Anyhow, good luck on your tractor purchase and be sure to post some pictures for us when you get her home! Hope to hear back from you soon!


----------



## Battalion Chief (Jun 2, 2006)

*Good info!*

Thanks for the insight.. 

The brake problem is only related to the parking brake. 

You bring up a lot of issues for me to consider. (roll bar, cold starting?, Rear tires are OLD, there are several fluid leaks)..

I said I was looking at new and used tractors: Well, I checked out a new John Deere 5103 on Saturday.. What a nice machine! 

Although it will cost twice as much it does provide a whole lot more convenience and safety.. (I will be teaching my teenage son how to drive this tractor and safety is important).

The 5103 weighs about 2000 lbs. less than the IH 584. Do you think that will still be heavy enough to maintain traction while working with a loader?
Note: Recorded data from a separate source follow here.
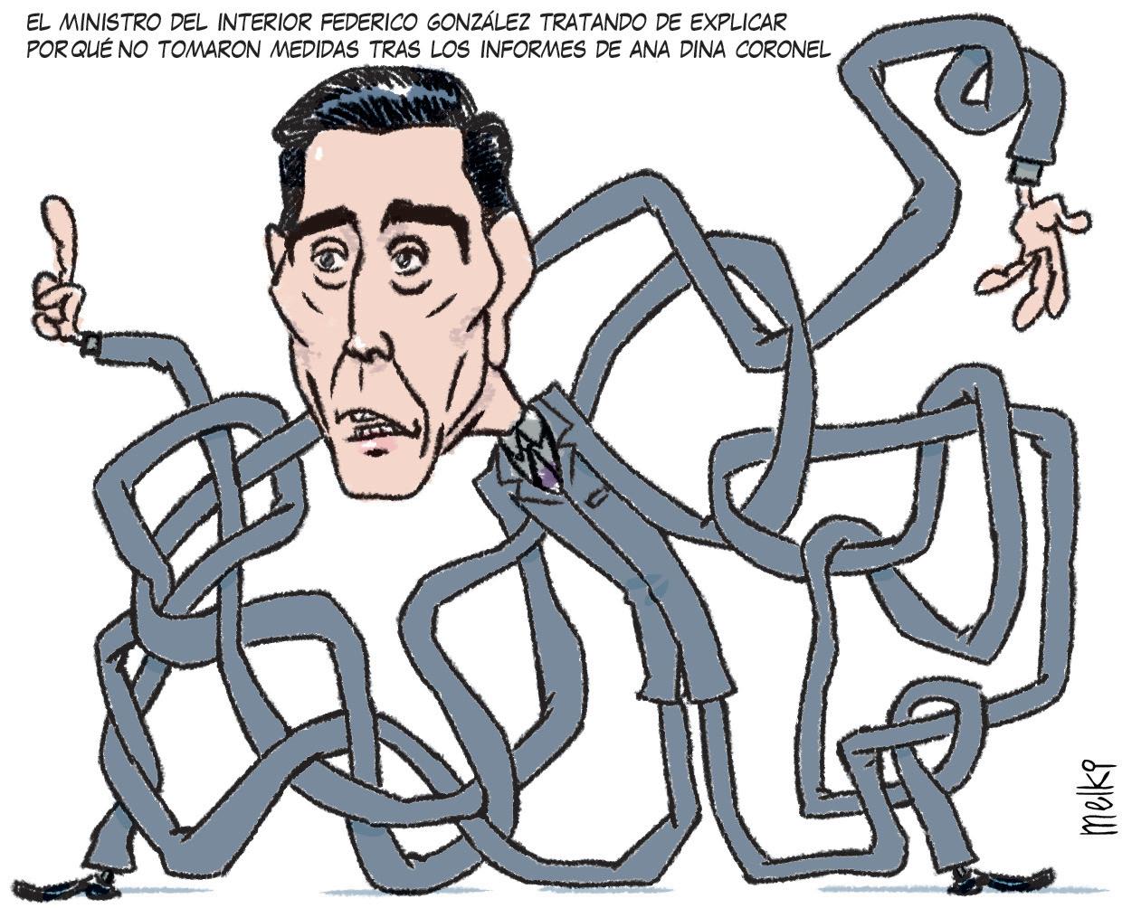 Las fuertes declaraciones de Ana Dina Coronel expusie ron el irresponsable manejo de informaciones sensibles sobre personas secuestradas, que además presionaron al Gobierno a caer en una serie de contradicciones. Primero, porque el ministro del Inte rior, Federico González, dijo en horas de la mañana de ayer lunes que habló con Édgar Olmedo y que este negó haber recibido datos de la locación de Denis, luego se desdijo.
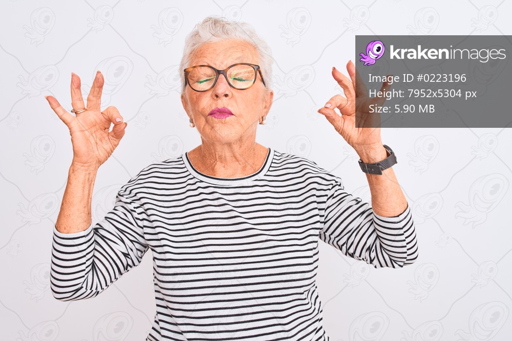 Senior grey-haired woman wearing striped navy t-shirt glasses over isolated white background relax and smiling with eyes closed doing meditation gesture with fingers. Yoga concept. - Kraken Images
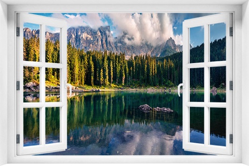Fototapeta 3D Okno Krajobraz Jezioro Góry kr-296

The 5103 has a 50 HP motor with 42 at the PTO... still pretty strong.. 

new tires, roll bar, new everything, no leaks, etc.. etc.. SWEET.. very hard to resist... 

How does $16,500 sound for this JD 5103 w/512 loader?


----------



## Live Oak (Dec 22, 2003)

If you are going to have a FEL. I would strongly recommend taking a look at the Deere 5105. It can be equipped with 4WD. Below is some info. on pricing. A neighbor of mine just recently bought one and LOVES his. Plenty of power, good traction and a basic, simple, and reliable tractor.



John Deere 5105 Tractor


----------



## Battalion Chief (Jun 2, 2006)

*$$$$*

Boy,.. actually the 5103 was already "pushing it" as far as how much I had to spend... The 5105 is substantially more, especaily with 4WD... 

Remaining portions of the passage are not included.